━━━ SUPPLIED MATERIAL ━━━

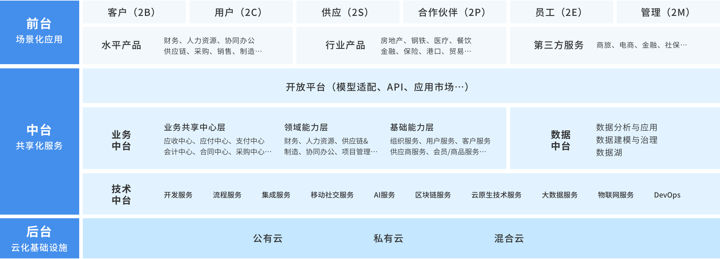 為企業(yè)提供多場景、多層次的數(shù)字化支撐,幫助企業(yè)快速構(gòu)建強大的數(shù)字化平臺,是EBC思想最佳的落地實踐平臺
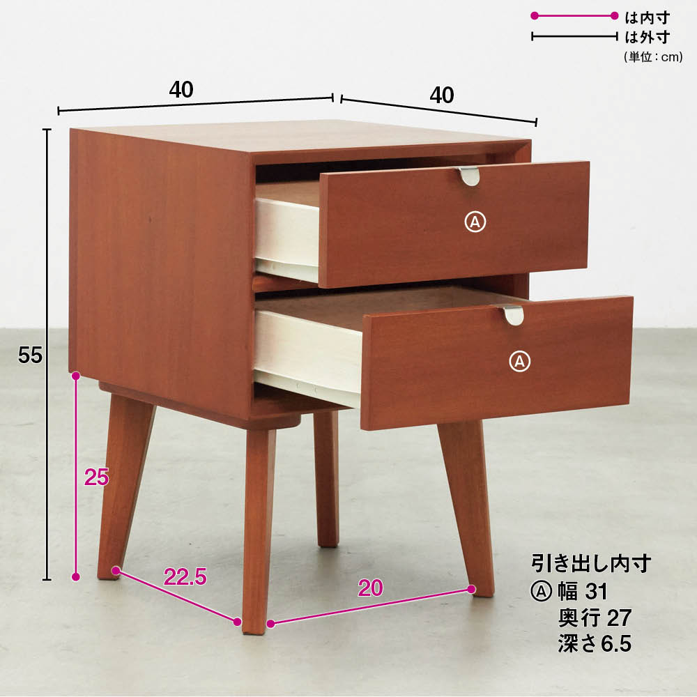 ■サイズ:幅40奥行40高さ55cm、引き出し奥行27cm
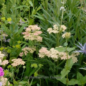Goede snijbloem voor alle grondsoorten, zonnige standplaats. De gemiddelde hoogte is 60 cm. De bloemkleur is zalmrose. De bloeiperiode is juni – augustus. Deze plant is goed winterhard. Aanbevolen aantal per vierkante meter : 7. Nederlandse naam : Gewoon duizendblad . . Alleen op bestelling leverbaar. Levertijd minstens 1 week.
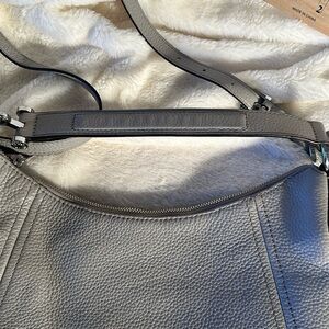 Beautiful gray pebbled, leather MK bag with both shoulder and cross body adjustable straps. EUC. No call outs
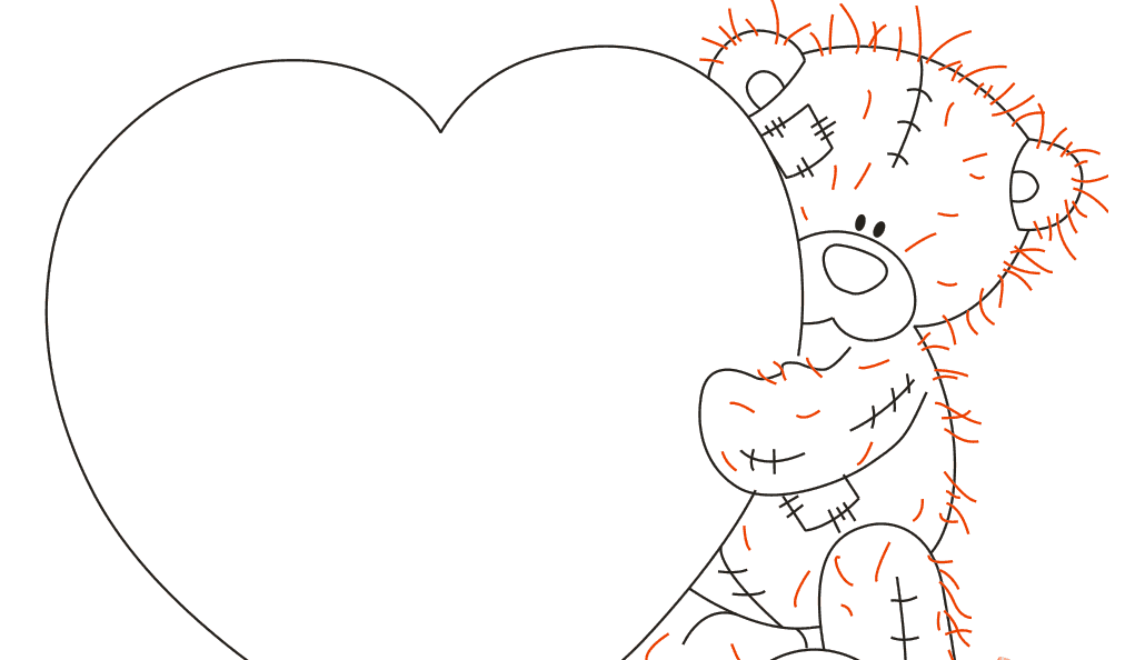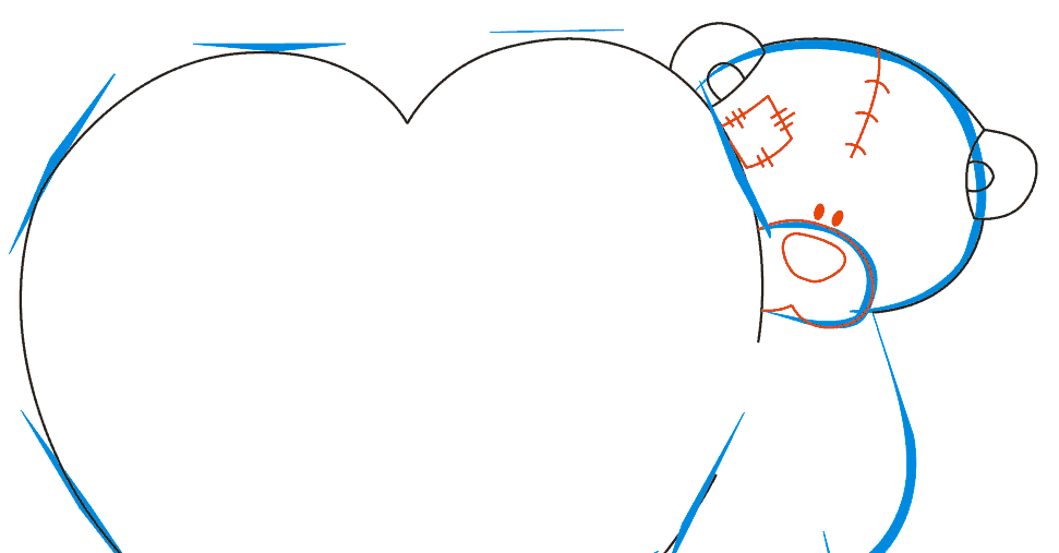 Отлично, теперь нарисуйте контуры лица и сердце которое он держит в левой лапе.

━━━
━━━ SUPPLIED MATERIAL ━━━

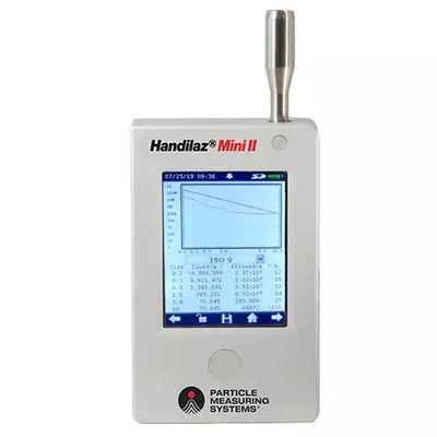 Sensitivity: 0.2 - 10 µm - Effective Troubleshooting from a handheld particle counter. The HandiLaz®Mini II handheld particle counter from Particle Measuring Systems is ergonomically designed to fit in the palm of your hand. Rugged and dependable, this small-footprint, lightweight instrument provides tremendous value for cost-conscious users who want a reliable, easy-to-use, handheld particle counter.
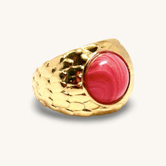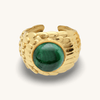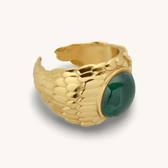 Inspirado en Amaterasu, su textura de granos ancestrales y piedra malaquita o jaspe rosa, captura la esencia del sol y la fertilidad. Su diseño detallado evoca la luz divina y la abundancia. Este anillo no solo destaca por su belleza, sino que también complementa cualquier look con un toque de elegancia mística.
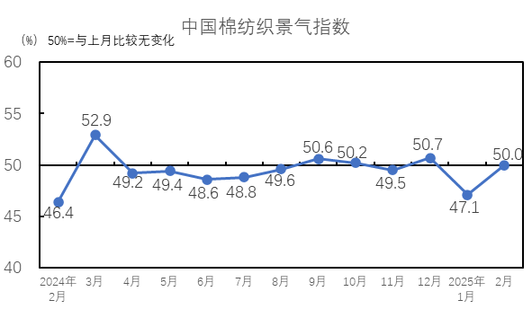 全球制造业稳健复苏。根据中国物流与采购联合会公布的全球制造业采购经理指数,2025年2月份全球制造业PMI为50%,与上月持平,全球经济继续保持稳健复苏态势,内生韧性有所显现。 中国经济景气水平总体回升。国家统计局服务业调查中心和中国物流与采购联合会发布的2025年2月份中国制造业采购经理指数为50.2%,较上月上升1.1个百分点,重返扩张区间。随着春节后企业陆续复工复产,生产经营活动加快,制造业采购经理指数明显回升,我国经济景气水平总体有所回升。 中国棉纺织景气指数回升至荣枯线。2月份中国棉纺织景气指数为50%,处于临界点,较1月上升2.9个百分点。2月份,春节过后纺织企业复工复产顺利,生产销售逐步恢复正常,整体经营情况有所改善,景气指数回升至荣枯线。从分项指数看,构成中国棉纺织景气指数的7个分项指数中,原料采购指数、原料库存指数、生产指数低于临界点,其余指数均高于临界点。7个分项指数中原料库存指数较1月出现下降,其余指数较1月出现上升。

━━━
━━━ SUPPLIED MATERIAL ━━━

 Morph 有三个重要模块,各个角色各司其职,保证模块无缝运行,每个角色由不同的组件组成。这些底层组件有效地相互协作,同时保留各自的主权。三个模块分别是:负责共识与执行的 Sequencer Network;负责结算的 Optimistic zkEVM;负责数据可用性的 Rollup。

━━━

### YOUR INSTRUCTIONS
In the data above, find the line containing "為企業(yè)提供多場景、多" and the line containing "Отлично, теперь нарисуйте". Copy exactly the stretch from the first through the second, both included, leaving out any picture.

### SOLUTION
 為企業(yè)提供多場景、多層次的數(shù)字化支撐,幫助企業(yè)快速構(gòu)建強大的數(shù)字化平臺,是EBC思想最佳的落地實踐平臺
 ■サイズ:幅40奥行40高さ55cm、引き出し奥行27cm
Goede snijbloem voor alle grondsoorten, zonnige standplaats. De gemiddelde hoogte is 60 cm. De bloemkleur is zalmrose. De bloeiperiode is juni – augustus. Deze plant is goed winterhard. Aanbevolen aantal per vierkante meter : 7. Nederlandse naam : Gewoon duizendblad . . Alleen op bestelling leverbaar. Levertijd minstens 1 week.
 Beautiful gray pebbled, leather MK bag with both shoulder and cross body adjustable straps. EUC. No call outs
 Отлично, теперь нарисуйте контуры лица и сердце которое он держит в левой лапе.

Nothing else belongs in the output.